Written by Eugene O’Neill

Directed by Robert Falls

Krapp’s Last Tape

Written by Samuel Beckett

Directed by Jennifer Tarver

Thru February 28th

Buy Tickets

Loneliness? Immortality? Krapps is a betting game? Or is it Craps? The Goodman Theatre presents Hughie and Krapp’s Last Tape, two (one act) plays. Whatever the reasons for the amalgamation, one truth is undeniable. Brian Dennehy has selected a perfect combination to showcase his range. A one man show, Dennehy transforms from big talking gambler to mumbling old geezer within a couple hours. The first show, Hughie, written by Eugene O’Neill, is a story about Erie grieving the loss of Hughie. Erie is a middle aged man living in a shabby NYC hotel. Hughie was the night clerk. The second show, Krapp’s Last Tape, written by Samuel Beckett, is a tale of an old man reacting to a recording of his younger self from thirty years ago. Dennehy is the common denominator in both. He plays Erie and then he is full of Krapp.
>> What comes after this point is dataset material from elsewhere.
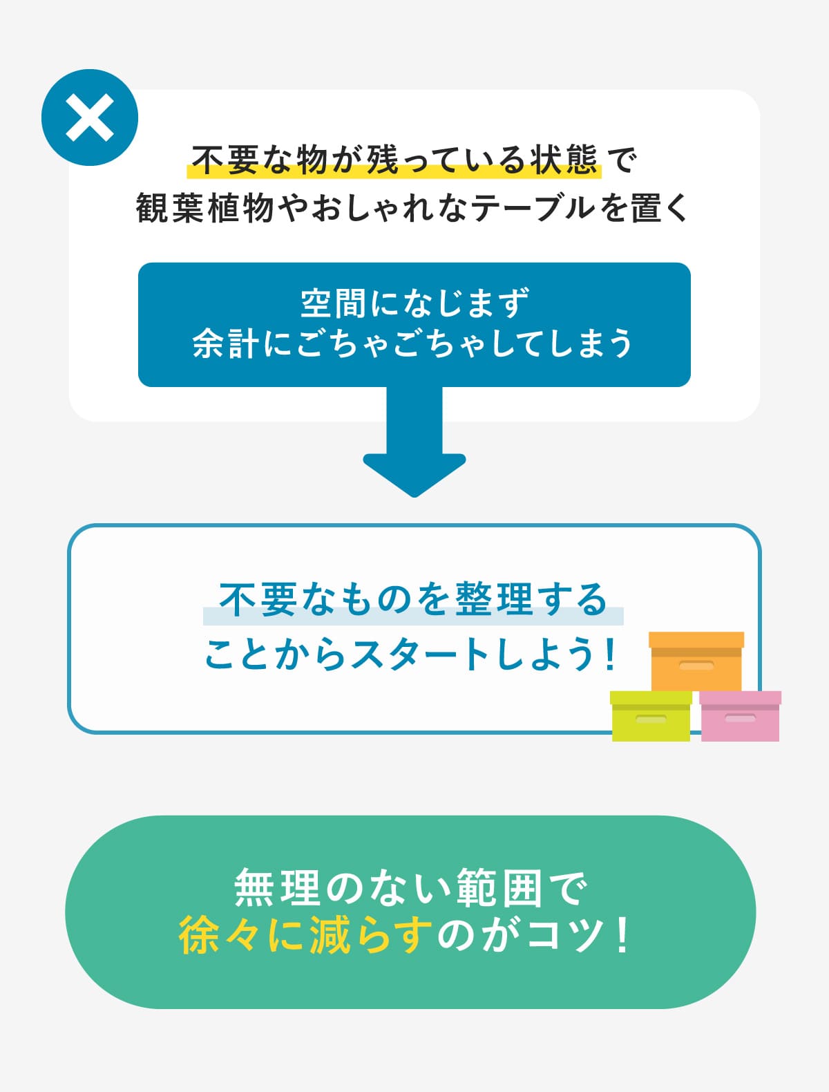整理整頓されていない状態で観葉植物やおしゃれなテーブルを置いても、空間になじまず、余計にごちゃごちゃしてしまう可能性が高い。そのため、まずは無理のない範囲で物を整理することから始めよう。一気に減らすと「生活が不便になって、結局買い直す」といった手間が発生するので、時間をかけて整理するほうが長続きしやすい。

As Erie, it’s the Dennehy expected. It’s Dennehy’s signature role: bragging salesman type. He doesn’t disappointment. His larger than life presence fills the empty hotel lobby. Although Joe Grifasi (new night clerk) is on stage, he’s more of a primary prop in a one man show. With minimal lines and movement, Grifasi’s dead pan expressions to Dennehy’s animated monologue are hilarious. Later as Krapp, it’s the Dennehy we fear on stage and in our homes. Shuffling, mumbling, demented old guy clinging with regret to the past. It is Erie to hear present day Dennehy’s booming voice on a recording that decrepit Dennehy curses. Under the direction of Jennifer Tarver, Dennehy ages well. Sure, he looks like Krapp but his physical interpretation of being really, really, really old is really, really, really funny!

The juxtaposition between the two plays is fascinating. Hughie is fast paced verbal, Krapp’s a slow paced physical piece. Hughie has an intricate set resembling a hotel lobby. Krapp’s dark stage is set with only an overhead light and desk. Hughie has lively street background noises. Krapp’s is so quiet that you easily hear a bottle being uncorked. Hughie’s Dennehy is slick hair, seersucker suit, and fedora. Krapp’s Dennehy is bushy eyebrows, slippers, and vest with bulging pockets of banana peels.

2 plays plus 1 man, Hughie/Krapp’s Last Tape starring Brian Dennehy equals entertainment!

My sponsor hosts of the evening had this to say about the production, Michael: circular, Abby: intriguing and loved the night clerk, Rick: fear, loneliness, regret.

WAITING FOR THE SHOW

It was a private dinner reception. All I’ll say is salmon is a risky choice.